Zunächst einmal kann ich über Headset meist nichts hören, wenn ich das Programm öffne. Ich habe dann geschaut und bei Optionen "Monitoring", dann Audition-Mischung und dann "Immer Eingang" statt, wie vorher eingestellt "Smart Eingang" gewählt.
An meinem PC sind Boxen, ein Aleis IO 2 und ein Mischpult Phonic AM 220 angeschlossen,
Wenn ich nun ein neues Projekt beginne und einen Track auf Track1 ziehe und dann auf Track2 gehe um micht aufzunehmen, funktioniert dies nicht. Ich habe schon in den Einstellungen etc. geschaut, allerdings habe ich wie gesagt keine Ahnung. Das "R" ist nicht anklickbar. 
Gestern funktionierte es, fragt mich nicht wieso, nun nicht mehr 

Hat einer eine ungefähre Ahnung woran es liegen könnte?
Vielleicht sind meine Angaben vage, wenn noch was an Info fehlt, dann sagts mir, ich werde schauen, dass ich soviel Info wie möglich geben kann.
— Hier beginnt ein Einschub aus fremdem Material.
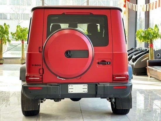22款奔驰G500 (配置|询价)颜色全 配置:熏黑外观套件(20寸熏黑轮毂,大灯,轮眉,前后杠,倒车镜,门把手,备胎罩,字标等熏黑装饰),三区空调,鹿皮顶,红色安全带,菱形格黑棕双拼座椅,柏林之声音响,前后座椅通风加热,纳帕仪表台,天窗,64色氛围灯,360环影,脚垫,后挡泥板,座椅按摩,雷达测距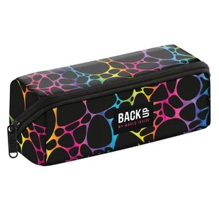 Piórnik BackUp 7 K29 DERFORM. Fuzja kolorów Posiada czarne tło, które doskonale kontrastuje z unikalnym wzorem bąbelków Układają się w dynamiczny, kolorowy motyw zebry, tworząc przyciągający wzrok efekt tęczy - gradient odcieni od słonecznej żółci, przez energetyczną. . .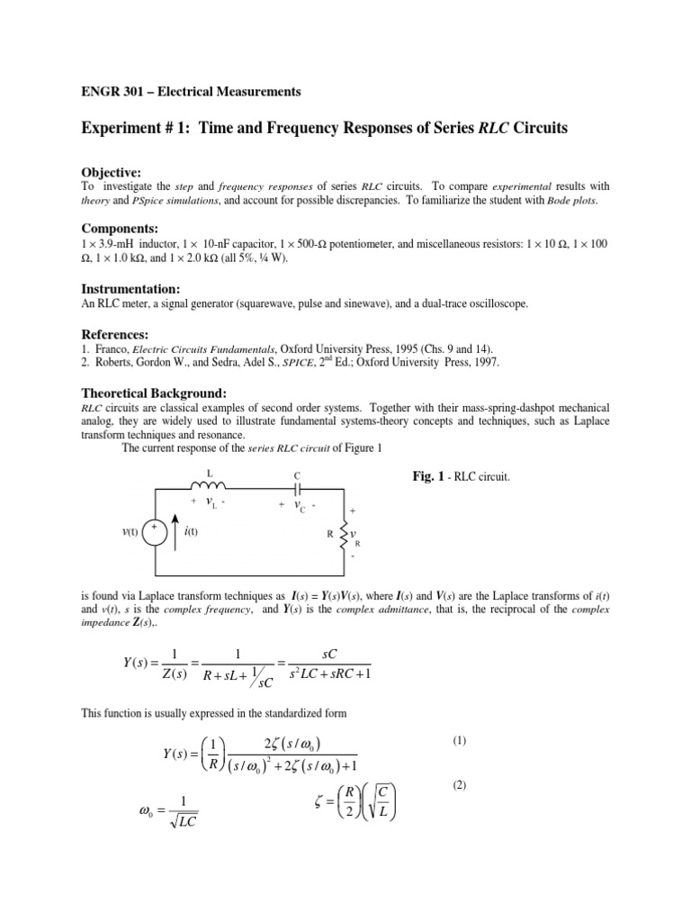 Experiment # 1: Time and Frequency Responses of Series RLC Circuits

Vielen Dank schonmal für Antworten im Voraus!

Liebe Grüße


----------



## bokay (17. September 2009)

Etwas eingrenzen konntest du deine Fehlerquelle ja schon. ("R" nicht anklickbar).
Vergewissere dich ob der richtige Treiber eingestellt ist. Vergewissere dich ob Software-Intern der richtige Eingang auf die virtuelle Spur geroutet ist.
Ich besitze besagte Software leider nicht, aber ein Blick ins Handbuch kann dir sicher sagen wie man das anstellt...


----------



## The_Maegges (27. September 2009)

Möglicherweise hat dein Headset den Line-In im Windowsmixer umgestellt. Das passiert besonders gerne bei Headsets mit USB-Anschluß.

Geh mal in die Systemsteuerung und schau unter "Sound", welches Gerät und welcher Eingang für die Aufnahme zuständig sind. Da sollte dann dein Line-In drin stehen, an dem das Mischpult dran ist.

Wenn nicht: Korrigieren 

Viel Erfolg!


----------